I'm glad that I still have some full racks. Thanks for the pictures.


----------



## Jgrden (Oct 25, 2010)

WOW. I like those pens that are part of the BURR. They are slick. I fully agree with your anatomy of an antler and what I have been saving, is the BURR. I don't cut into the skull. Thank you for bringing this to my attention. I need to contact a view of my clients and explain.


----------



## Frank Nemke sr (Oct 25, 2010)

Sent them to the person that carves eggs.  They make great broaches or pendants stroung on a peice of leather


----------



## TexasSteel (Oct 25, 2010)

I have sanded flat had names engraved then epoxied a magnet on the other side.


----------



## Jgrden (Oct 26, 2010)

TexasSteel said:


> I have sanded flat had names engraved then epoxied a magnet on the other side.
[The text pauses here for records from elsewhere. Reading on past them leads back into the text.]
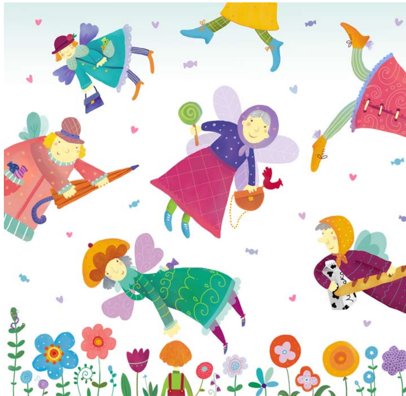
Иллюстрация Маши Сергеевой

В се бабушки умеют летать. Я знаю, я видела. Бабушки летают не высоко, не низко. Так, чтобы можно было погладить своих внуков по голове. У бабушек за спиной есть маленькие крылышки. Как у стрекоз или бабочек. Под косынками бабушки прячут сказки, под шапками – истории, а в карманах у них конфеты. У бабушек в сумочках лежат леденцы и зонтики. Бабушки любят покупать в магазине хлеб и молоко, любят сидеть на лавочке и смотреть на детей. Бабушки не улетают на юг, как птицы. Они всегда остаются дома. Бабушки никогда не обижаются, их можно только огорчить. Когда бабушки расстроены, они не могут летать, только сидят тихонько. Говорят, бабушки могут улететь навсегда. Поэтому бабушек надо беречь. У меня тоже была бабушка. И она умела летать.
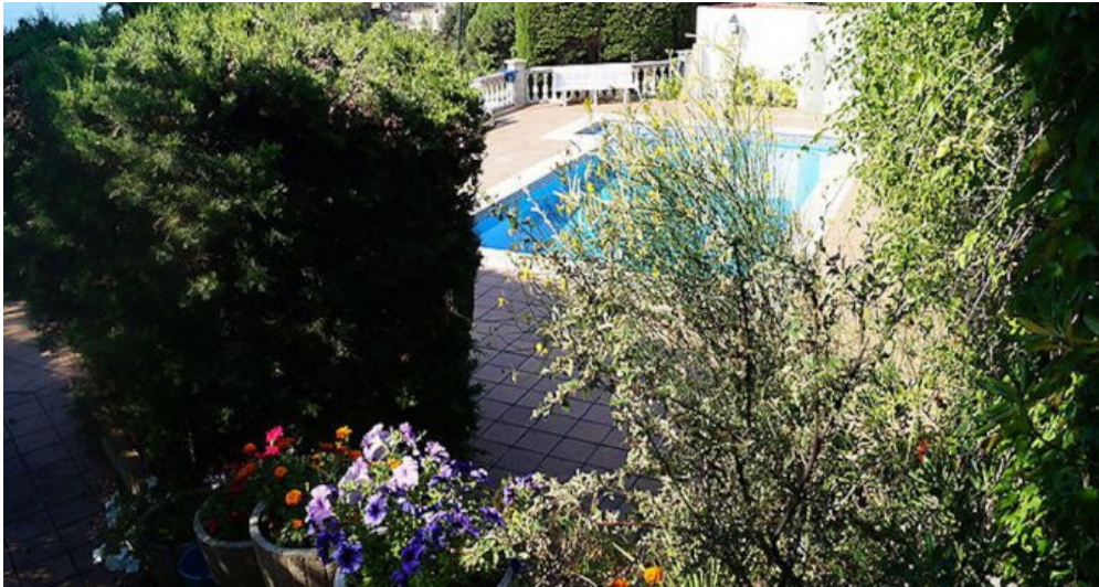
Rustikales Ferienhaus Spanien Costa Brava
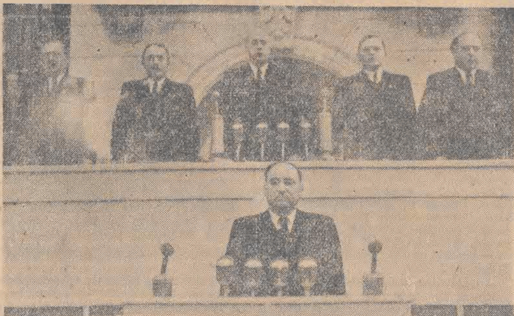
Tow. Ponomarenko wita 1-szy Kongres Polskiej Zjednoczonej Partii Robotniczej w imieniu Partii Komunistycznej ZSRR.
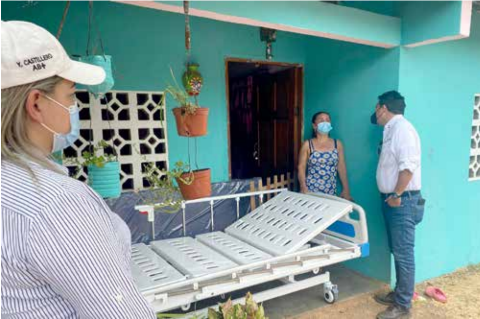
Dos familias de Herrera cuyos miembros presentan discapacidad también recibieron silla de ruedas y cama hospitalaria.

Como parte de las entregas sociales del Despacho de la Primera Dama de la República, liderado por Yasmín Colón de Cortizo, la Oficina de Enlace en la provincia de Los Santos acudió al corregimiento de Palmira, distrito de Las Tablas, a atender la solicitud de una madre de familia cuyo hijo es un joven de 24 años con discapacidad. El joven presenta parálisis cerebral desde los tres meses de nacido y tras una evaluación previa por parte de la Oficina de Enlace, se aprobó hacerle entrega de un coche especial para su movilidad, lo que mejorará su calidad de vida. Por otro lado, se hizo entrega de una cama hospitalaria para una adulta mayor de 81 años de edad residente en el corregimiento de Canto del Llano, distrito de Santiago, provincia de Veraguas. En tanto, en el corregimiento de Herrera Cabecera, distrito de Ocú, provincia de Herrera, se entregó una silla de ruedas y cama hospitalaria a dos familias con pacientes con discapacidad.
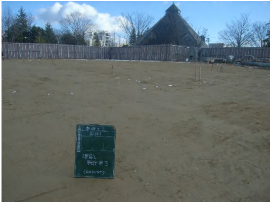
場内(公園内)埋戻し状況

1月は、場内の埋戻しを行い、一時撤去していた公園オブジェ等の復旧に着手しました。 2月は、引き続き、公園オブジェ等の復旧を行います。
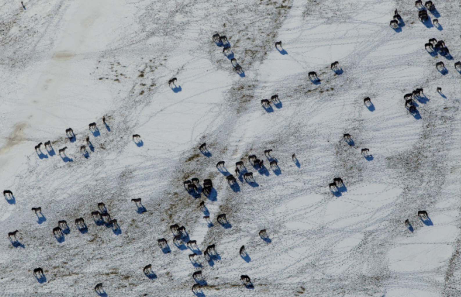
Boven: luchtopname van een kudde koniks Rechts: edelherten in de sneeuw
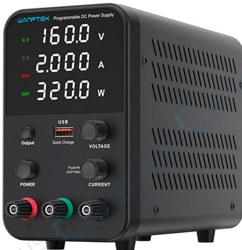
Блока питания Wanpatek WPS305H
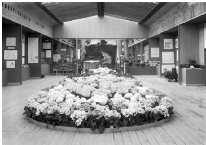
Fra sommerutstillingen for gartneri og hagebruk.

det vist et «idealhus» på Opsund, etter tegning av utstillingsarkitekt Arne Pedersen. Det var innredet med «praktiske» møbler tegnet av interiørarkitekt frk. Karsten. 40 Man anbefalte også et besøk til byens nybygde stadion.

Now that is a nice idea. I am going to give that some thought. :wink:


----------



## TellicoTurning (Oct 26, 2010)

Jgrden said:


> What can I do with Deer antler pedicles? I have saved about twenty of them and think they would make nice pendants. What are other ideas. They are too beautiful to throw away or turn into buttons, unless for an expensive coat.
> John in Texas



John,
If you come up with a good idea, let me know... I have a whole bag full that I've saved for some future project... don't know what yet.


----------



## Sylvanite (Oct 26, 2010)

TexasSteel said:


> I have... had names engraved...


I hope you tipped your engraver.  If you think turning antler smells bad, try burning it (which is what a laser engraver does).

Regards,
Eric


----------



## turnsomeantlers (Oct 26, 2010)

*Turn them into closed reed predator call*

The ones you have saved that are 6-8 inches long, buy some cottontail or jack rabbit reeds (about a buck a piece at http://thogamecalls.com/ ) and make predator calls out of them. Just takes some drilling, some sanding and some polishing to turn them into $30-$35 dollars real quick. 
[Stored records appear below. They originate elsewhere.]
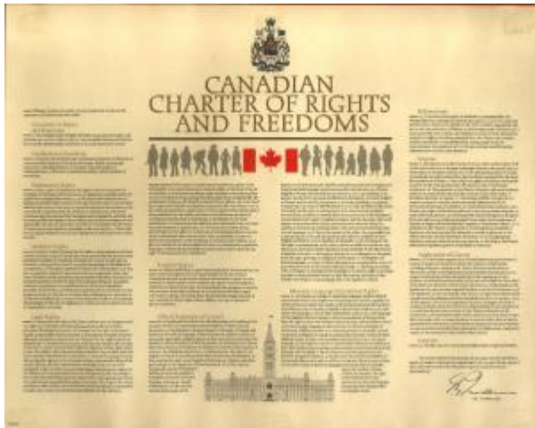
Canadian Charter of Rights and Freedoms (網絡圖片)

2004年9月16日：一名本身是活躍分子的法官，把曼尼托巴省 ( Manitoba ) 的同性婚姻合法化，當局同一天便發信給該省全部600名婚姻註冊官，通知他們必須為同性戀伴侶主持有關儀式，否則便得交出執照。此舉顯然侵犯了他們在宗教自由和良知方面的人權，這些人權正是受加拿大《權利與自由憲章》保障的。
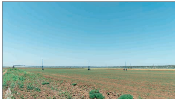
В инновационной деревне создан мелиоративный полигон по испытанию дождевальной техники

Здесь представлены зерновые и зернобобовые культуры. Отечественные, в том числе и волгоградские, селекционеры создали сорта сои, нута, ячменя, озимой пшеницы,
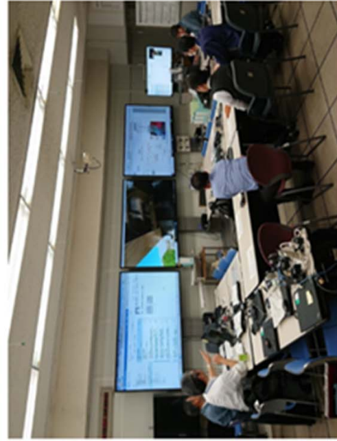
実施イメージ(モニタールーム)
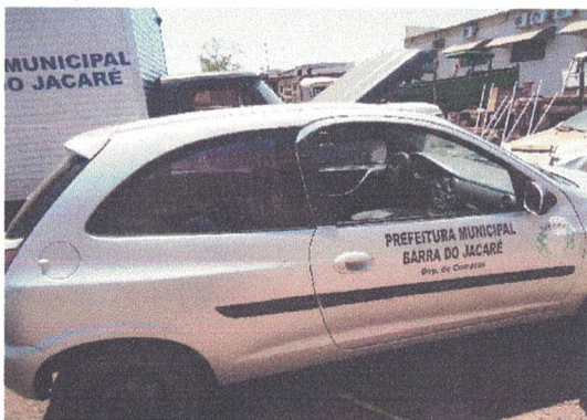
CHEVROLET CELTA ANO: 2004 MODELO: 3 PORTAS RENAVAL: 824758790 PLACA: ALQ 5391 VEICULO EM USO, NECESSITANDO DE MANUTENÇÃO GERAL

If you venture down this road please post some pics

Good Luck


----------



## ThePenWizard (Nov 8, 2010)

Buttons, they make great buttons for boots and jackets.


----------



## TexasSteel (Nov 8, 2010)

Sylvanite said:


> TexasSteel said:
> 
> 
> > I have... had names engraved...
> ...



She has an excellent exhaust system....Although since I usually sell my antler pens it smells like money when  turnning.....


----------



## Jgrden (Nov 9, 2010)

turnsomeantlers said:


> The ones you have saved that are 6-8 inches long, buy some cottontail or jack rabbit reeds (about a buck a piece at http://thogamecalls.com/ ) and make predator calls out of them. Just takes some drilling, some sanding and some polishing to turn them into $30-$35 dollars real quick.
> 
> If you venture down this road please post some pics
> 
> Good Luck


Good idea for gun shows. :star:


----------



## Jgrden (Nov 9, 2010)

ThePenWizard said:


> Buttons, they make great buttons for boots and jackets.
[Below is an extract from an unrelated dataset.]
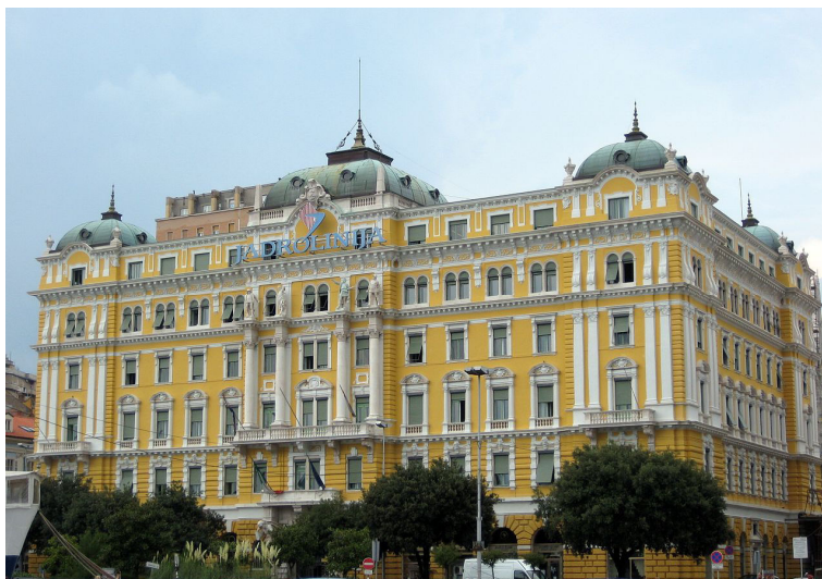
Палата „Јадран“ у Риједи

Увече смо се укрцали на брод „Партизанка“ и заплвили ка Риједи. Пут је трајао целу ноћ. Ријека је једна од највећих јадранских лука. Искрцавамо се на Риви и оно што свакој придошлицы у град прво пада у очи је палата „Јадран“ у којој је смештена управа поморског предузећа „Јадролинија“.
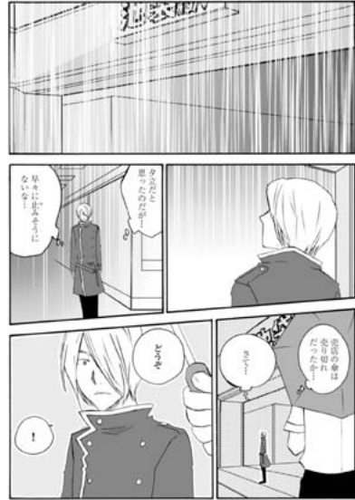
【図21】強気な性格として描かれる西武鉄道。(前掲【図3】と同書、p71・p72)

They would make great buttons . I like carving them with my Dremel. I have been mounting them onto the leather wallets but they are too fascinating to waste them on that. Your avatar reminds me of Lord of the Rings, why is that????:wink:


----------



## JohnU (Nov 9, 2010)

I've seen them used to make drawer knobs, bolo's on a string, belt buckles,  and some bow builders use them in take down bows by epoxying screws in them for securing the limb to the riser.  Let your imagination run wild.


----------